Thankfully Dave has used his power for good. He’s trying to use in influence to put some actually artists in the limelight. Talib Kweli, Common and dead prez, are all getting publicity behind Dave’s stamp of approval. So I suppose there is a silver lining.
However since Dave reupped his contract with Comedy Central, he’s rich and he’s all over the place. He’s white America’s favorite Black man. He’s the new Chris Rock. And you know means; it’s only a matter of time before he takes a tumble.
Now I’m not saying that there’s a conspiracy against Blacks in this country, but O.J. and M.J. were once adored in white household too. I’m just hoping that Dave doesn’t believe the hype. I’m not casting judgment against either of the two Black males that I pointed out, but I will say that power tends to go to ones head. If you think that you are untouchable and believe all your hype you might do something stupid. Hell, even Eddie Murphy got caught up in something. All I’m saying is that if things get thick a large part of his fan base will disappear.

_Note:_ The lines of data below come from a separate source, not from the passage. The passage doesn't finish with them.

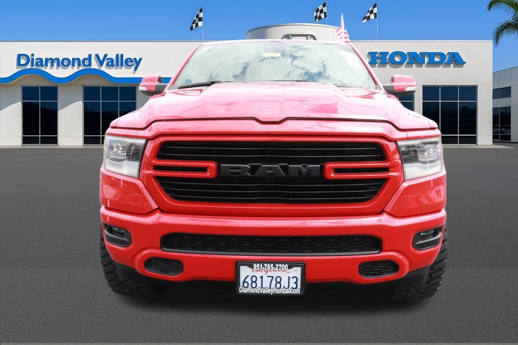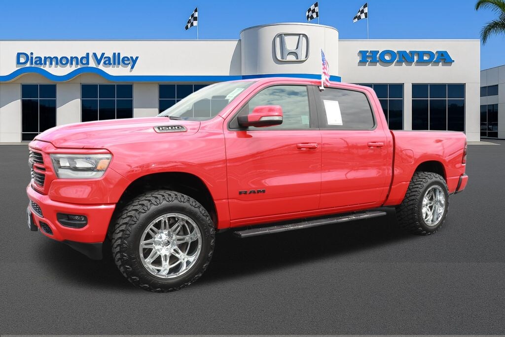 2020 Ram 1500 Rebel - 4WD 5.7L V8 Practical Truck for Commuting, Errands & Weekend TravelnnPresence & DrivennThis 2020 Ram 1500 Rebel is ideal for drivers who need a capable 4WD truck that handles daily use across Hemet, Riverside, and nearby Inland Empire communities. With the 5.7L V8 engine and 8-speed automatic transmission, it is designed for commuting across local highways while remaining practical for work travel and weekend trips.nnThe Rebel trim provides a grounded driving feel that is comfortable for repeat daily driving. Whether you are managing school pickups in San Jacinto or navigating errands in Menifee, this truck offers useful cargo flexibility for daily life with its Crew Cab configuration and rear underseat compartment storage.nnOwnership Experience - Included Value from Day OnennThis vehicle is prepared for ownership with specific protections already applied and included in the advertised price. ClearShield exterior protection is designed to protect the exterior finish from everyday environmental wear, helping maintain the Flame Red Clearcoat finish. One year of paint and fabric protection is also included, designed to preserve the vehicle's appearance inside and out through daily use.nnNitrogen-filled tires are used to maintain more consistent tire pressure for daily commuting and local driving. This is particularly useful in the Inland Empire, where changing temperatures and warmer daytime conditions can affect standard tire performance. These protections are integrated into the purchase to ensure your truck is ready for the road immediately.nnSafety & Driver Confidencenn- ParkView Rear Back-Up Cameran- ParkSense Front and Rear Park Assist with Stopn- Electronic Stability Control and Traction Controln- Brake Assist and 4-Wheel Disc ABS Brakesn- Dual Front and Side Impact Airbagsn- Fully Automatic Headlights and Front Fog LightsnnTechnology for Daily Usenn- Uconnect 4 with 8.4-inch Displayn- Apple CarPlay and Android Auto Capabilityn- SiriusXM Satellite Radion- Steering Wheel Mounted Audio Controlsn- Universal Garage Door Openern- Remote Proximity Keyless EntrynnComfort & Practical Designnn- Heated Front Bucket Seatsn- Heated Leather Steering Wheeln- Power Adjustable Pedalsn- Rear 60/40 Folding Seat with Underseat Storagen- Rain Sensitive Windshield Wipersn- Power 4-Way Driver Lumbar AdjustnnSchedule your test drive: (951) 309-7583 - Diamond Valley HondannInformation deemed reliable but not guaranteed. Buyer to verify specifications.nnPrice reflects included equipment and protections already applied to the vehicle.
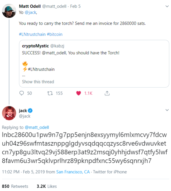 The fun was started on January 19th by @hodlonaut. So far the torch has changed hands 153 times and the pot is up to 0.0286 BTC ($94.61). Last night, the game was kicked up to the next level when the torch was passed to the founder and CEO of Twitter and the CEO of Square, Jack Dorsey.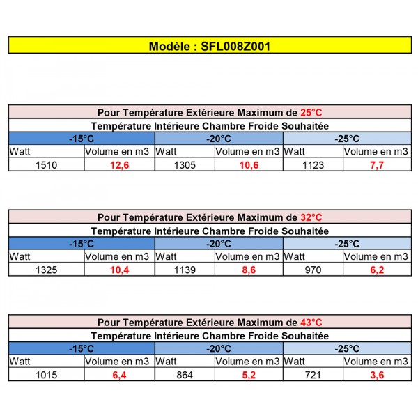Voir dans le tableau de sélection le rapport température et volume en fonction de la température extérieure maximale et la température interne souhaitée dans votre chambre froide.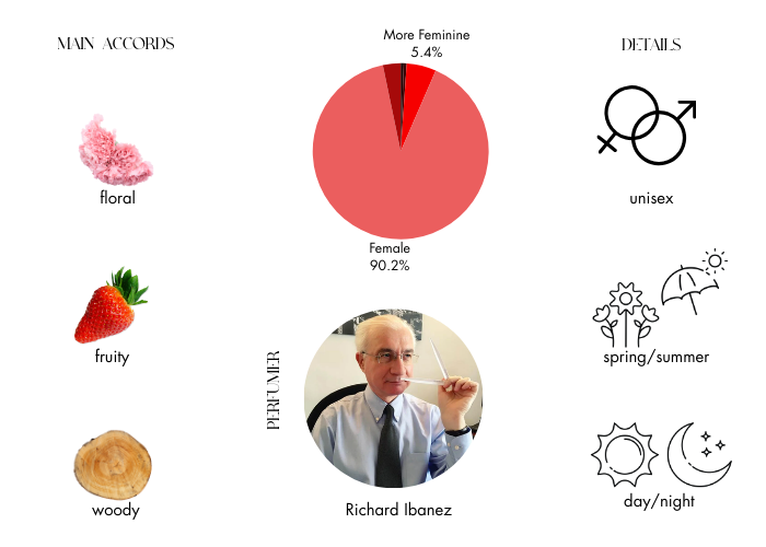 This fragrance was created by the house of Lalique with perfumer Richard Ibanez and released in 2015. A sweet musky floral blend with a warm and inviting base. Juicy fruit notes allow the floral notes to become sweet and refreshing.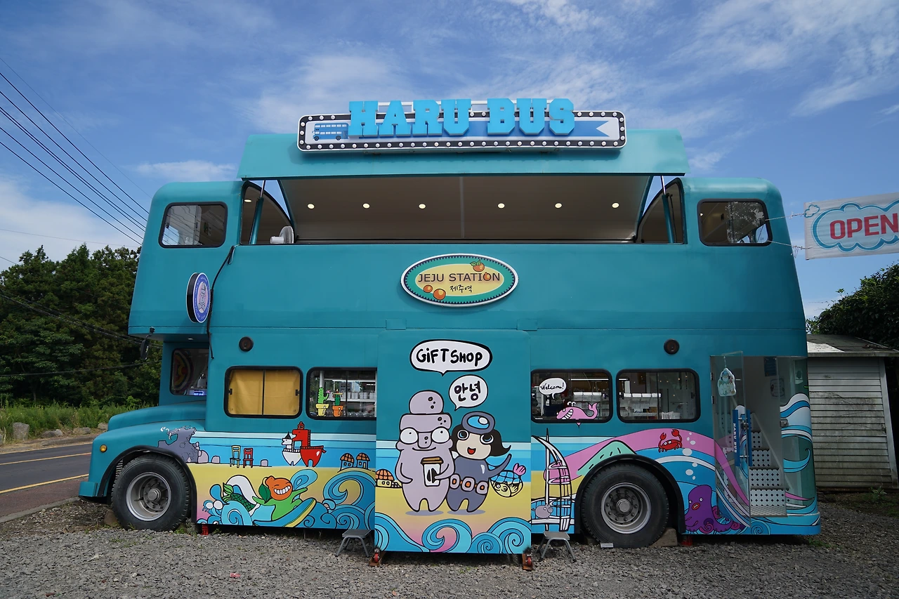 교래리를 지나다 보면 푸른색의 2층 버스가 눈길을 확 끌어당깁니다. 이름은 '하루버스'라 불리는 기념품샵입니다. 제주에 수많은 기념품샵 중에 '하루버스'는 무엇이 특별할까요? 오늘은 특별한 이야기가 담겨 있는 교래리 기념품샵 하루버스로 여행을 떠나봅니다. 이층 버스 타고 함께 출바알~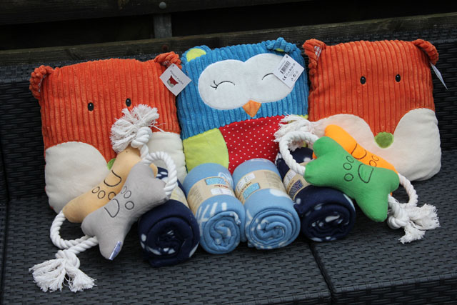 Unser Abschiedsgeschenke: ein kleine Vliesdecken verschiedene Kuscheltiere oder Spielzeug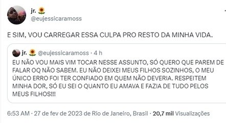 Em sua conta no twitter, Jéssica negou que tivesse deixado as crianças sozinhas.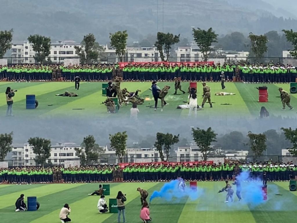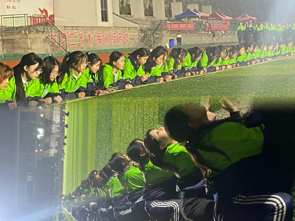 大学军训完全不一样,同样是站军姿,但反而是各个项目中最轻松的一项。体能、匍匐前进、包扎、军体拳……每一项都在仿佛是在挑战身体的极限。不是所有人都坚持的下来,这两天都有人晕倒,但是,坚持到晕倒,不也是一种毅力的体现吗?幼苗不经风霜洗礼,怎能成就参天大树?雏鹰不经狂风暴雨,怎能翔翱苍天?年少的我们亦如此,不经历艰苦磨练,又怎能成为对国家有用的人。白驹过隙,时光像一条潺潺的小河,仿佛一眨眼的功夫,14天划过,因为生病在病号连看到同学们在下面练习彩排,内心非常羡慕,不能全程坚持,可能就是大学里的第一个遗憾吧。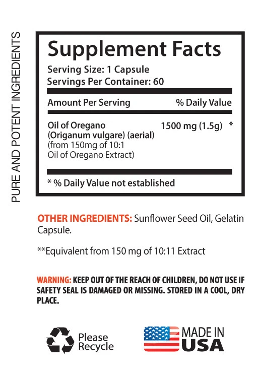 OREGANO OIL 10:1 EXTRACT 1500MG Lower Your Cholesterol Levels Strengthen Your Immunity Nervous System Support Protection Digestive Aid. Menstrual Aid, Allergy Support. Weight Loss, Eases Discomfort, Anti-inflammatory Antifungal, Antiviral, Antiparasitic, Antioxidant Stabilize Mood, Supports Graceful Aging Improve Learning, Focus And Mood Balance Energy Levels 3 Bottles, 180 Capsules Made In USA Oregano Oil Benefits: Oregano is a fragrant herb that's best known as an ingredient in Italian food. However, it can also be concentrated into an essential oil that's loaded with antioxidants and powerful compounds that have proven health benefits. The health benefits of Oregano Essential Oil can be attributed to its properties as antioxidant and digestive substance. Oregano oil appears to be useful both when consumed or applied to the skin. This natural supplement with oregano oil may also help you lose weight and lower your cholesterol levels. About Oregano Essential Oil: Oregano is a plant native to higher altitudes and normally grows in the mountains, which is how it got the name “Oregano”, which means “Delight of the Mountains”. Oregano oil comes from the leaves and shoots of the oregano plant. Botanically known as Origanum vulgare, oregano is a flowering plant from the same family as mint. It is often used as an herb to flavor food. It is traditionally used in one of different ways, either aromatically, which is the most popular since the advent of aromatherapy’s widespread use in recent decades. You can also apply it topically onto the skin, or through a carrier oil like coconut oil. Immune System Support: It is a known fact that oregano oil is a powerful tool for the immune system. Oregano oil has a natural herbal benefits that may be useful for dealing with outside influences and colds. It helps boost your immune system and even helps to protect the entire body health and defense. This means that it strengthens your immunity and provide you with numerous health benefits. Promotes a Balanced Mood: Some compounds in oregano oil, including carvacrol, thymol, and terpinene may positively influence the nervous system and mind. Aromatherapy with oregano oil seems to promote a healthy mood, reduce stress, and alertness. The impressive ability of oregano oil to help stabilize mood and even balance energy levels. Our herbal supplement may show its benefits in improving learning, focus and mood. Digestive Aid: I’ve said it a million times health begins in the gut! Good digestion is absolutely necessary to experience good health. While I recommend using an oxygen-based colon cleanser to clean out your digestive tract, stopping the build-up in the first place needs to be part of the plan, and oregano oil can help. Oregano oil is known to stimulate the flow of bile into the digestive organs, enhancing the digestive process. Weight Loss: In addition to its reputation as a natural immune booster, oregano oil also packs a punch against unwanted body fat. Its main active ingredient is thought to help suppress appetite and help to control obesity. It is also an all-around immune system booster and can help improve digestion when consumed. The health benefits of oregano oil include weight loss, obesity and weight gain. Powerful Antioxidant: Antioxidants help protect the body from numerous outside influences. These influences may include aging changes. Antioxidant components may be useful in dealing with metabolism. One study compared the antioxidant content of 39 commonly used herbs, and found that oregano had the highest concentration of antioxidants. Oregano has a very high antioxidant content that is much higher than that of most fruits and vegetables, gram per gram. The antioxidant content is concentrated in oregano oil. Improve Gut Health: Oregano may benefit gut health in a number of ways. Good digestion is absolutely necessary to experience good health. Oregano oil due to its antioxidant properties may boost the gut health and digestion. All the natural ingredients which help digest food, produce vitamins and improve heart health, among other functions. Oregano oil may benefit gut health by improvident entire body functioning. Supplement Facts: energy vitamin for women - OREGANO OIL 10:1 EXTRACT 1500MG 3B - oregano oil vegetarian capsules Oil of Oregano (Origanum vulgare) (aerial) 1500 mg (1.5g) (from 150mg of 10:1 Oil of Oregano Extract) OTHER INGREDIENTS: Sunflower Seed Oil, Gelatin Capsule. Equivalent from 150 mg of 10:11 Extract Serving Size: 1 Capsule Servings Per Container: 60 Amount SUGGESTED USE: As a dietary supplement, adults take one (1) capsule, one (1) to three (3) times daily with food, or as directed by a health care professional. Store in a cool, dry place and away from direct light. CAUTION: Do not exceed recommended dose. Pregnant or nursing mothers, children under the age of 18 and individuals with a known medical condition should consult a physician before using this or any dietary supplement. WARNING: KEEP OUT OF THE REACH OF CHILDREN, DO NOT USE IF SAFETY SEAL IS DAMAGED OR MISSING. STORED IN A COOL, DRY PLACE. *These statements have not been evaluated by the Food and Drug Administration. This product is not intended to diagnose, treat, cure, or prevent any disease. GREAT QUALITY PRODUCT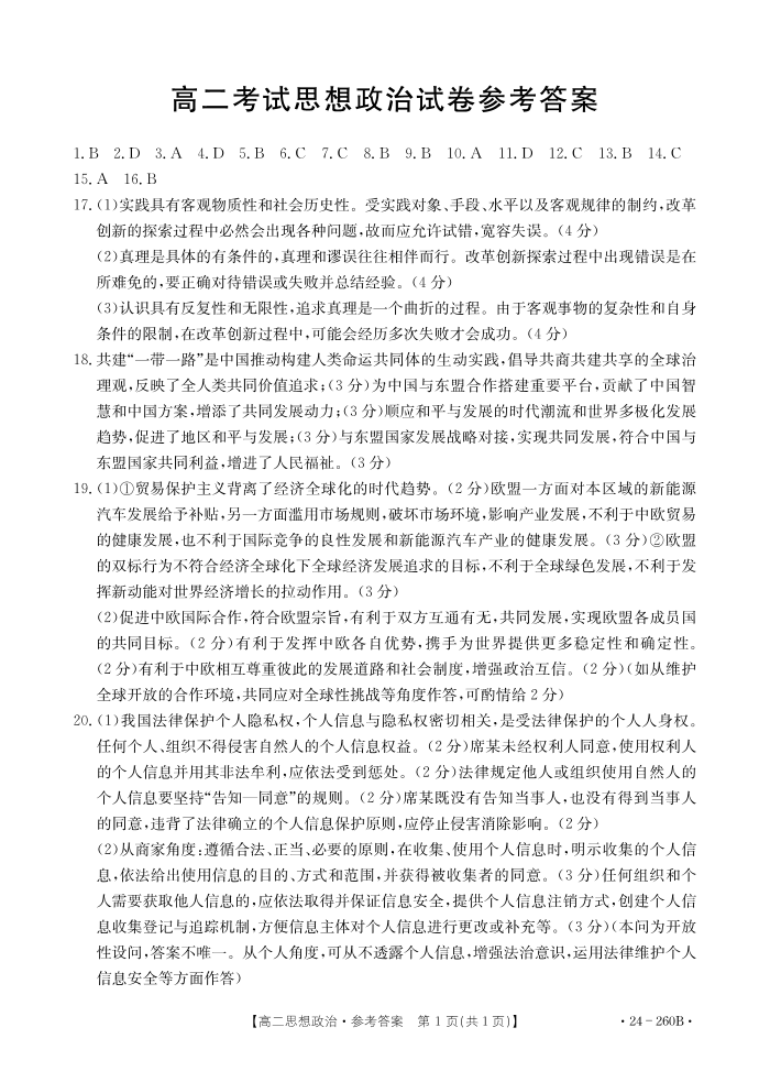 辽宁省县级重点高中协作体2023-2024学年高二上学期末考试政治答案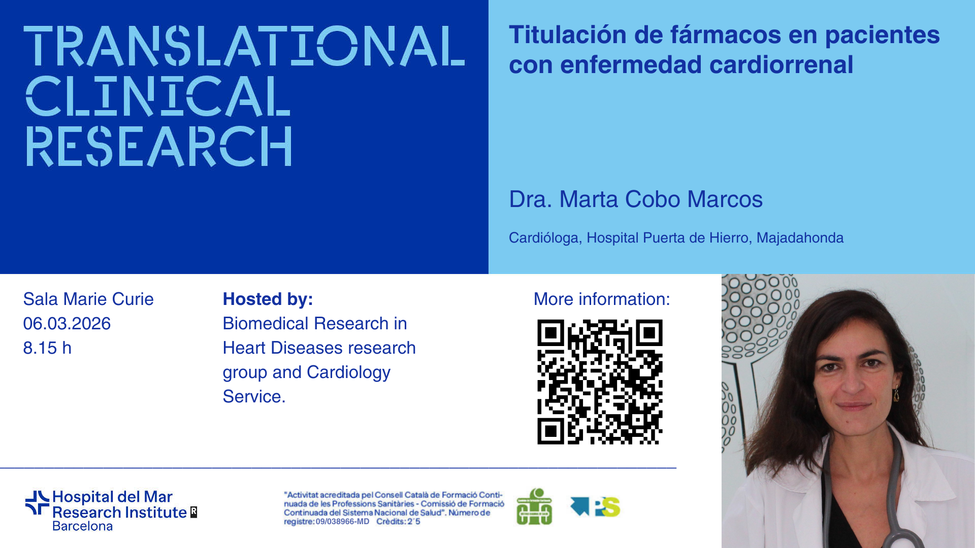 We invite you to the next joint seminar of the Cardiology Department of Hospital del Mar and the Biomedical Research in Heart Diseases Group of the Hospital del Mar Research Institute, which will take place on Friday, February 6, 2026, at 08:15 AM in the Marie Curie Room (PRBB).

I hope that Dave doesn’t get to the point where people are no longer laughing with him, but rather at him. History doesn’t foresee Dave having a happy life. Controversial Black comedians don’t have happy endings. Redd Foxx got hit by the IRS. Richard Pryor is messed up in the game. Eddie Murphy is stuck in PG hell. Chris Rock made Pootie Tang. Chappelles 15 minutes are counting; please let him do something with them.
Well that’s going to do it for this column. As you can see this column is taking shape. I’ve got the beginning and middle down. Now all I need is an ending.
I’ve got it. You should have read Joe Reid or Aaron Cameron (who can be found a few sections over on Music.) Together we are kind of like Three The Friday, unless one of them can come up with a better name.